He added that Esco Aster will also mass-produce the vaccine when it is ready, and will be able to ramp up production fairly quickly if necessary.

Meanwhile, Vivaldi Biosciences, which develops flu vaccines, is handling the process necessary to connect the Sars-CoV-2 antigen with the protein backbone, also known as reverse genetics.

Esco Aster's senior bioprocess scientist (vaccine development), Dr Nandini Prabhakar, said the use of the backbone allows the company to accelerate the development of its vaccine, as the backbone has already been established to be safe.

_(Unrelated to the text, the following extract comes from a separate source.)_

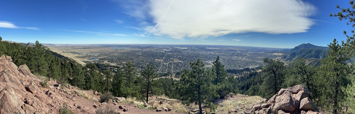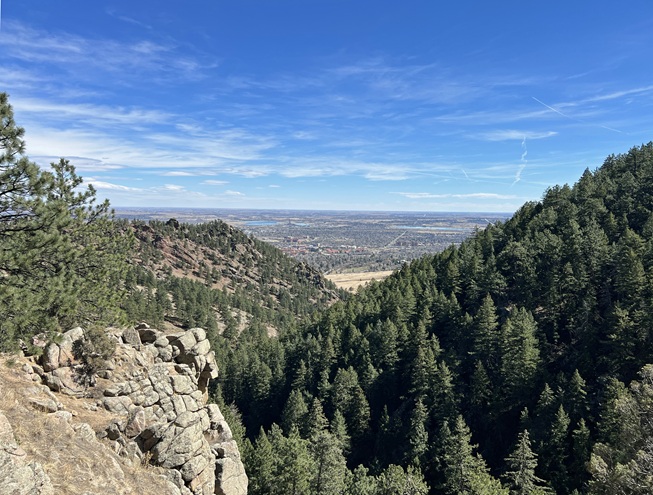23) Anemone Point and Mt. Sanitas, Boulder City Open Space & Mountain Parks, Boulder, CO, March 25, 2026 - This was two hikes combined into a single morning. It started with Jonna and Alan joining our friend Julia at the Centennial parking lot to hike part of the Anemone Loop trail. We went up the Anemone Trail to the loop, then took the shorter route up to first Realization Point and then on up to Anemone Point. Rather than completing the loop once we got to the top we turned around and headed back down the way we'd gone up. We started hiking at 7:30am so we had both cool morning weather with temps in the mid-60s and low morning sun. When we got back down to the parking lot Julia had to get to work and Jonna had errands to run so Alan head out on his own to hike a new-to-him loop of trails. First was the Sunshine Canyon trail which just follows Sunshine Canyon road for a mile or so going west up the canyon. That trail ended at the Lion's Lair trailhead which starts the climb up the western side of Mt. Sanitas. This trail is just a long series of switchbacks which ended up spreading the roughly 1,000 feet of gain over about 3.5 miles of trail. The Lion's Lair trail eventually connects with the Mt. Sanitas trail just below the summit. By the time Alan got to the top of the mountain the temperature was climbing so it felt like a full blown summer hike with bright sunshine and warm air. Then it was down the Mt. Sanitas trail to get back to the Centennial parking lot where Jonna returned to pick up Alan. A nice, long hike and chance for Alan to hike two new trails! A 8.3 mile loop with 2,000 feet of elevation gain.

This will also allow the company to produce a new vaccine within two to three weeks should Sars-CoV-2 mutate, as it will be a matter of simply "switching" the current virus antigens with those of the new virus strain.

Once ready, the vaccine can be delivered into a patient's body via nasal spray, mimicking the natural way its component viruses would infect a person.

The Sars-CoV-2 antigen will be detected by the immune system, which will activate white blood cells to produce antibodies to fight it and learn to "recognise" the virus so the body can combat it should a future infection occur.

Dr Nandini said her team aims to begin animal testing in about two to three months, and hopes to have the vaccine, which will also work on flu viruses, ready for human studies within the next six months.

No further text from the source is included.